Definición
Angiostrongyliasis due to Parastrongylus cantonensis. Código ICD-10-CM: B83.2. Fuente oficial: NIH Clinical Tables.
Cuadro clínico
Infección parasitaria del SNC por consumo de hospederos intermediarios crudos o mal cocidos (caracoles, babosas, vegetales contaminados). Presenta cefalea intensa, rigidez de nuca, fotofobia y alteraciones sensitivas por meningitis eosinofílica. Puede cursar con parestesias, debilidad, parálisis de pares craneales y síntomas radiculares por migración del parásito en médula y raíces nerviosas. Fiebre moderada. Factores de riesgo: viajes/residencia en Asia tropical-subtropical (Tailandia, Vietnam, Filipinas), consumo de alimentos crudos o mal cocidos, contacto con agua contaminada. Incubación 1-3 semanas.
Diagnóstico
Líquido cefalorraquídeo (LCR): pleocitosis con eosinofilia (>10% eosinófilos es altamente sugestivo), proteínas elevadas, glucosa normal o levemente disminuida. Imagen neurológica (RMN preferente): realce meníngeo, edema cerebral, trail signs en sustancia blanca por migración parasitaria. PCR en LCR para Parastrongylus cantonensis (sensibilidad variable). Serología específica (ELISA, immunofluorescencia) en suero y LCR. Recuento periférico: eosinofilia leve.
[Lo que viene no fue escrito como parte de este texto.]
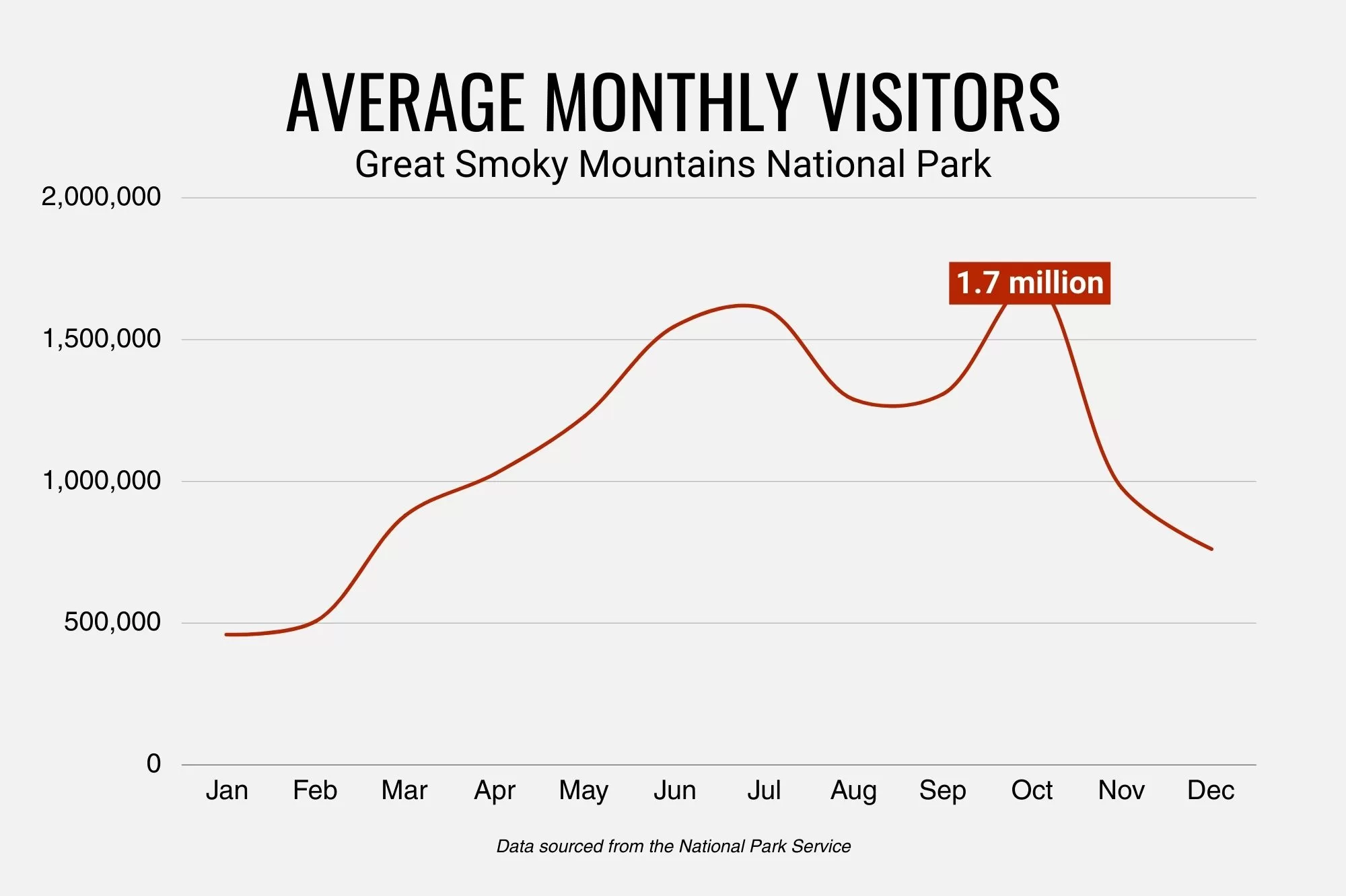 September is a shoulder month in the Great Smoky Mountains National Park, making it one of the best times to visit for smaller crowds. After peaking with an average of 1.6 million monthly visitors in July, the number drops to about 1 million by September. It’s more crowded than the spring months but not as crowded as July or October.
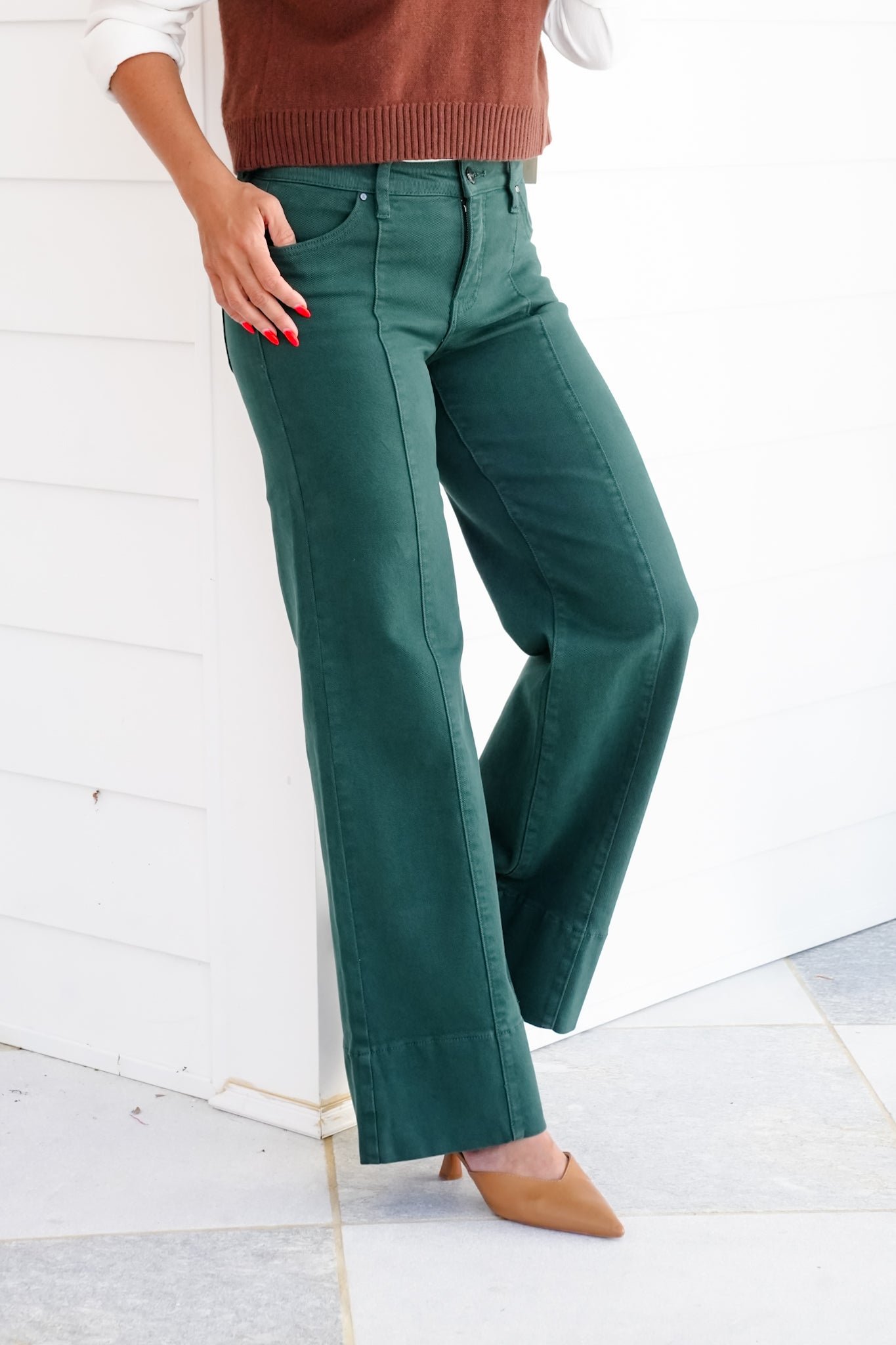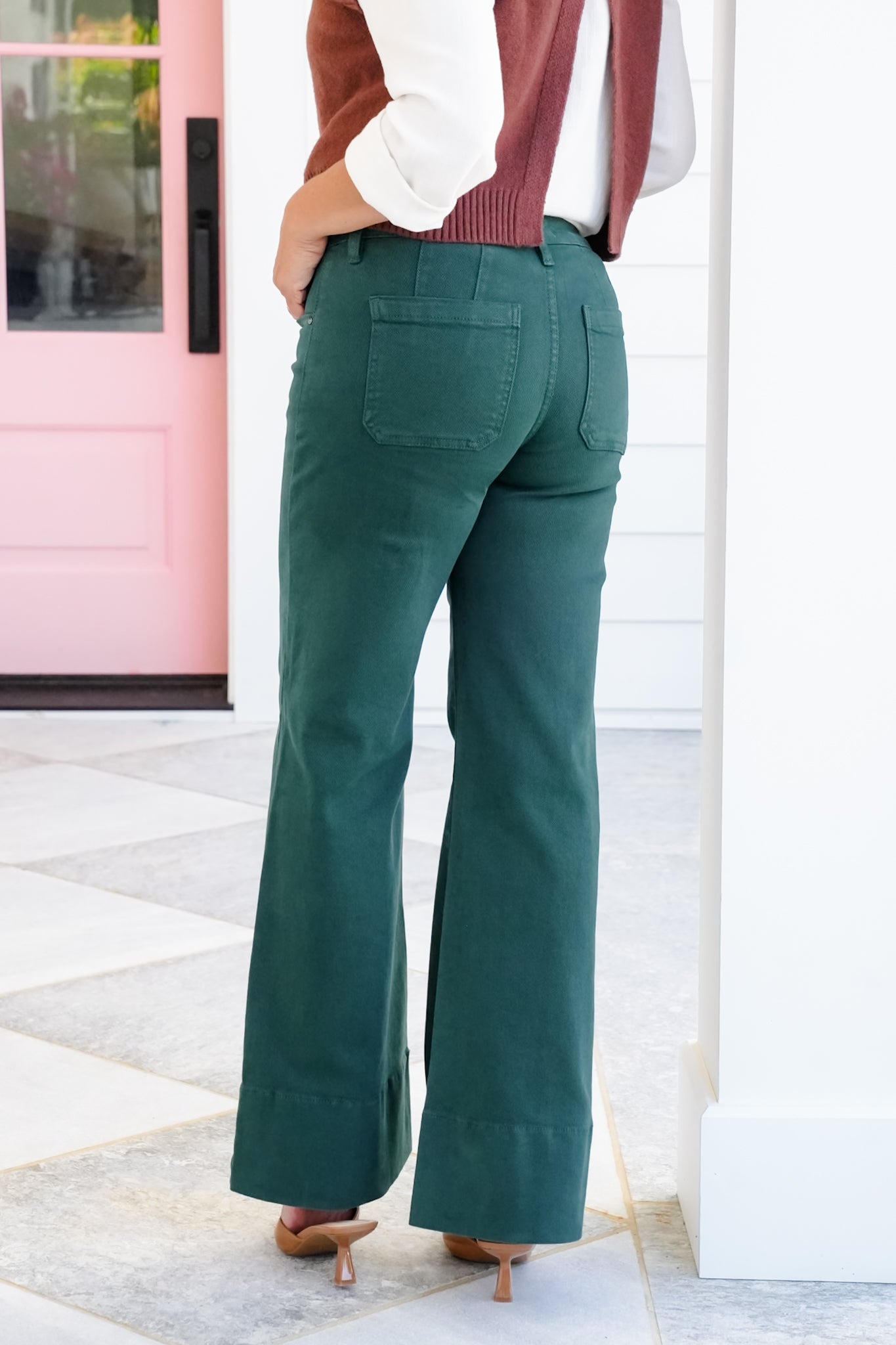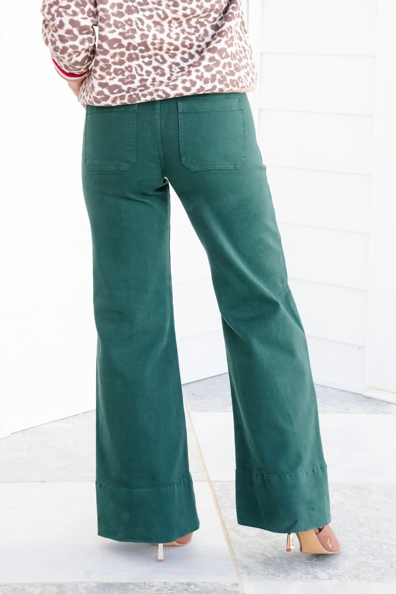 Risen Mid Rise Green Tummy Control Wide Leg Jeans with Large Wide Hem

Cultivos negativos descartan infecciones bacterianas.
Diagnóstico diferencial
1. Meningitis tuberculosa: también con eosinofilia en LCR pero con hipoglucorraquia severa e historia epidemiológica diferente. 2. Coccidioidomicosis meníngea: eosinofilia en LCR pero con antígeno galactomanano positivo y epidemiología geográfica distinta (América). 3. Meningitis viral (enterovirus): pleocitosis linfocítica predominante, sin eosinofilia significativa, LCR con glucosa normal. 4. Toxoplasmosis cerebral: lesiones focales en imagen, típica en inmunocomprometidos, sin eosinofilia meníngea. 5. Vasculitis del SNC idiopática: pleocitosis variable pero sin eosinofilia característica, sin antecedentes epidemiológicos de exposición parasitaria.
Tratamiento
Tratamiento sintomático: analgésicos, drenaje de LCR mediante punción lumbar repetida para aliviar presión intracraneal. Corticosteroides (dexametasona 0.1 mg/kg IV cada 6 h o equivalente) en casos severos con edema cerebral. Antiparasitarios controvertidos: albendazol 15 mg/kg/día VO cada 12 h por 7-10 días (datos limitados, riesgo de inflamación aumentada). Ivermectina: uso variable según centros (200 µg/kg/día). Evitar mebendazol por penetración pobre en SNC. Derivar a infectología/neurología: casos graves, compresión radicular progresiva, falla respiratoria. Monitoreo de complicaciones: hidrocefalia, vasculitis, déficit neurológico permanente. Pronóstico variable; mortalidad 5-10% en formas severas.